I preferred Google Talk as well, especially since it was built upon an open platform and was easily implemented on unsupported OSes (Windows Phone via IM+ for example). Personally I haven't seen the out-of-order issue in one on one conversations, but it's prevalent in the group chats I'm in. When it happens to my messages, it's almost always when I'm being handed off between towers on the go; it hasn't happened to me on WLAN yet. Since there are no message size limitations like SMS has, I rarely send multi part messages anyway.
>You forgot Hangouts, which works on Android, iOS, and the desktop. It supports text, voice, and video, just like Wire.
So that would be the "what's hot now".
I didn't mention it because few people I know use it. And I wouldn't touch it a Google + Google+ affilicated messaging solution with a 10-feet pole anyway...
I wouldn't say that it's "hot". It's recently become more popular since Google started forcing it on Android 4.4+ users as the only SMS option on their phones. Personally, I wouldn't use it at all if not for easy group communication with my Ingress mates (most Ingress communities use Hangouts, Slack, or both; ours uses both but mostly Hangouts).
I just felt that it was a glaring omission, especially considering its more popular and more reliable precursor, Google Talk.
* Standard text messaging app, for almost everyone.
* Google Hangouts, which is a pain to remove and always logs in behind my back. I don't want to chat on my phone, it's just a nuisance. (I wish people would stop talking to me through Hangouts, honestly)
* Viber, with a single contact.
* LINE, with a single contact.
I don't have WhatsApp or Snapchat or whatever, but most people will likely have 3 or more messaging apps.
3 years ago, everything was fine. Google used XMPP. Facebook used XMPP. Companies used XMPP. I used XMPP. I may have needed multiple accounts, but I needed only a single app. Now look where we are.
It's a shame that XMPP didn't save us from this situation. My hunch is that the baseline featureset over federation was too low: no federated medsage history; MUCs are single point of failures.
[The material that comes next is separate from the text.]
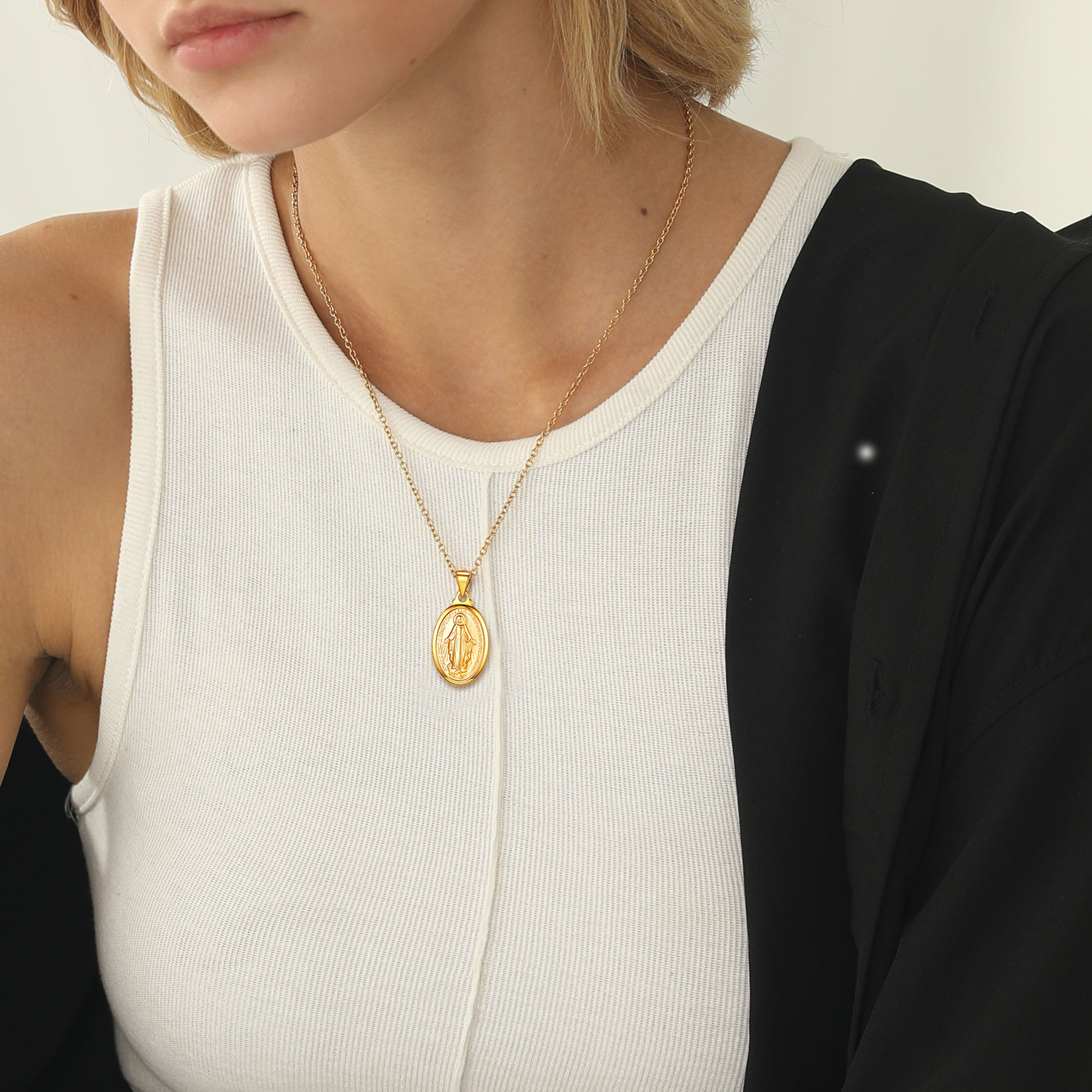 The Miraculous Medal (French: Médaille miraculeuse) - also known as the Medal of Our Lady of Graces, is a devotional medal. Tiny pendant of Virgin Mary - Birth Mother of Jesus is christian amulet jewellery.

We're trying to fix this with Matrix.org - folks frustrated with yet another communication silo might want to check it out and help us tear down the walls between these gardens. (obvious disclaimer: i help run matrix.org)
The capability to get conversation history over several servers. In Matrix the conversation history is stored by all servers involved in the discussion, and thus it can be retrieved if your own server temporarily goes down. It will also be accessible from all your Matrix-compliant clients, whether they are web or mobile clients.
(edit: disclaimer: I'm also involved with matrix.org)
Hey. Thanks for the explanation.
I ignore the 'will be accessible from all your clients' part - that should be the case for XMPP as well, or will be with MAM [1].
Storing the history on multiple servers? Not sure I understand the use case here (okay 'server goes down' I understand, but spreading my message history to multiple servers for that seems .. unexpected).
OK let me try to explain it better: let's say we have a conversation between 3 friends who are all running their own homeservers to connect to matrix. All three servers will keep a copy of the conversation, and if one server goes down and reconnects, the two other servers can update it with the messages that went on while it was down.
If friend 1 and 2 have a separate conversation in a different room, only their two servers will keep a copy of the conversation history. If friend 3 joins this room, his server will receive the current history from the other servers (there's a limit for efficiency but you can explicitly get all the history via pagination).
The answer is just to say no when people ask you install $appoftheday to contact them. No hangouts, no skype, no whatsapp, no facebook polluting my phone with their intrusiveness and always-on-in-background tendencies. One person occasionally asks me to install Whatsapp, but each time I say no.
Hangouts is a pain to remove if it came in your ROM, but you can still freeze it with Titanium Backup.
Which is fine as long as you're happy to be "that guy". If I need to install RandomNewChatApp to talk to a client that's paying me $$$, I'm going to install it. Similarly, if a close friend or relative uses a new service, stubbornly saying "no, that's too awkward for me" is not the kind of person I want to be.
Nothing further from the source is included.